CSCI 331
Database Assignment
Disk Access
512B/block*20 blocks/track*400 tracks/surface*30 surfaces = 122,880,000 Bytes = 117 MB disk
(1024*1024 = 1,048,576Bytes/MByte)
400
122,880,000/400 = 307,200 Bytes
307,200/30= 10240Bytes
5400 RPM => 11.11msec/rev (60 *1000)/5400
512*20/11.11 = 921.7B/msec
btt = s+rd+bt = 12 + 11.11/2 + 11.11/20 = 18.12msec
20 * 18.12 = 362.4
12 + (20* 11.11/2 +11.11/20) = 134.4
iii. 20 consecutive blocks?
12 + 5.56 + 20 * .56 = 28.76
105 Bytes
floor(512/105) = 4
20000/4 = 5000
linear search => must retrieve 5000/2 blocks => 2500 * 18.12ms = 45,300 msec = 45.3 sec (3/4 of a minute!)
Binary search => log2 of 5000 = 13 blocks => 13 * 18.12 = 235.56 msec (1/4 of a second!)
linear search => same answer as d => 45.3 sec
Bucket Records on disk block
Assumptions:
we have a table of n pointers to the n blocks used for the ordered file and m pointers for the overflow file.
the number of records per block is small (e.g. 5)
Binary_Search( Record R)
low = 0
high = n
while (low < high)
mid = (low + high)/2
if ( last_record_in_block(Ordered_file(mid)) < R)
low = mid + 1
else high = mid
return low
int Deletion(Record R))
Found = false
Block_Number = binary_Search (R)
if (in_block(R, Ordered(Block))) //If record is found in the ordred block
remove(R) //Remove the record
Found = true // indicate found
else
i = 0
while(!Found && i < m) //While not found and more blocks available
if (in_block(R, Unordered(i)))
remove(R)
Found = true
i++
return found
int Insertion(Record R)
Block_Number = binary_Search (R) //This part is not required
if(!Full(Ordered(Block_Number ))) // if you assume that all
Block_insert (R, Ordered(Block_Numbered)) //insertions are done into
else //the overflow area
i = 0
while(Full(Unordered(i))
i ++
Block_insert(R, Unordered(i))
Each index record would need to hold a SSN (9 Bytes) and a pointer to the physical address. A physical address must identify the surface, track, and block which would take a minimum of 19 bits. Assume a 3 Byte address.

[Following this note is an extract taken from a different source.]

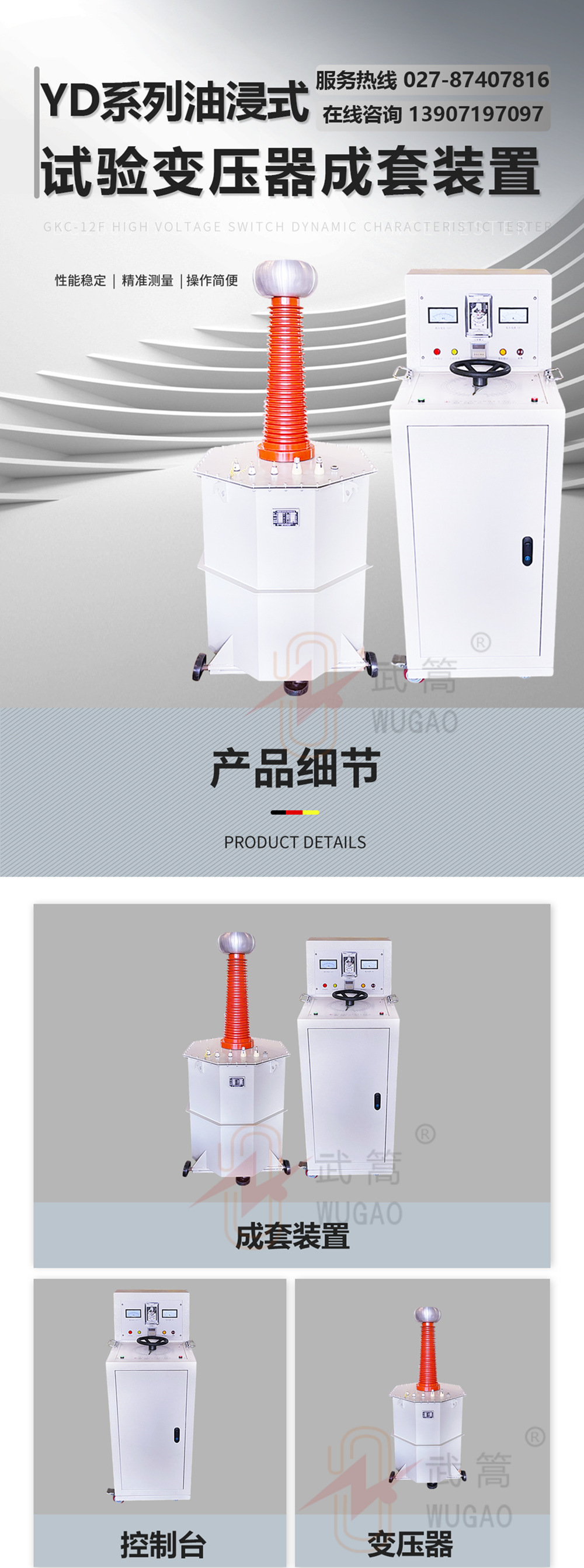 注:本系列產(chǎn)品中有200V的串級抽頭,可二臺或三臺串級成交流100KV、150KV、200KV、300KV直流140KV、210KV、280KV、420KV的高電壓。

We need 1 index record for each block (the first SSN on the block) and since we have 5000 blocks (from problem 2) we would have 5000 records. Since each block holds 512 Bytes and we use 12 Bytes per record, we can store 42 records per block and require 120 blocks to hold the index.
A binary search can be done on the index to determine the block . This would take 7 accesses on average + 1 for the data access, 8 accesses in all.
If instead, you assumed a table of physical address exists in memory, the index could simply indicate a block number which could be done handled with a 2 byte integer value, resulting in 11 Bytes for each record and 46 records on each block, 109 blocks for the index, which still requires 7 accesses to find the block that holds the data and 1 to retrieve the data = 8 accesses in all.
Since a binary search of the data itself would take 13 accesses, the time savings would be approximately 46% while increasing our space needs by 2.4%
In this case, we would need an index record for each SSN instead of each block resulting in 20,000 records in the index file. This would require 477 blocks 20,000/42)-. A binary search of the index would take 9 accesses plus 1 additional access to retrieve the data, 10 accesses in all. Without the secondary index, a linear search would need to be done on the data requiring on average 2,500 accesses.
In this case, we would have a 99.6% reduction in the amount of time at a cost of 10% in space!!!!